Python is a notoriously slow language, so why is it widely used by scientists and machine learning experts? In a numerically heavy task, an interpreted, dynamically typed environment can be thousands of times slower than a compiled, statically typed one, which can make the difference between minutes and days or between coarse models on small datasets and fine-grained models on large datasets. The trick is to drive compiled functions from the interpreted commandline, like R, and to frame your problem in array programming primitives, like Matlab, but in a general-purpose programming language with hundreds of thousands of extensions to glue to every conceivable interface.

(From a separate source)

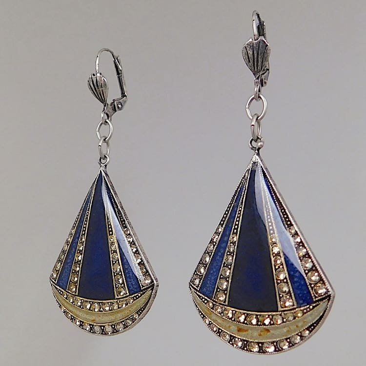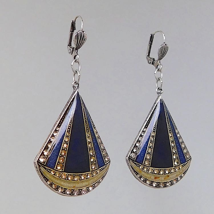 French enamel and diamonte earrings for pierced ears, fitted with silver safety clasp.

In this workshop, we will examine the numerical processing ecosystem that has grown up around Python. The key library in this ecosystem is Numpy, which enables fast array programming, and Pandas, a convenient wrapper for organizing data. We will visualize data in and out of JupyterLab, a notebook front-end for exploratory analysis. We'll also work through examples of binding from C++ to Python with pybind11 and from Python to C++ with Cython, which have different strengths and use-cases. We'll also natively compile Python (C++ speeds without C++) using Numba and run code on GPUs with Numba (Python-like), CuPy (Numpy-like), and PyCUDA/PyOpenCL (raw CUDA/OpenCL).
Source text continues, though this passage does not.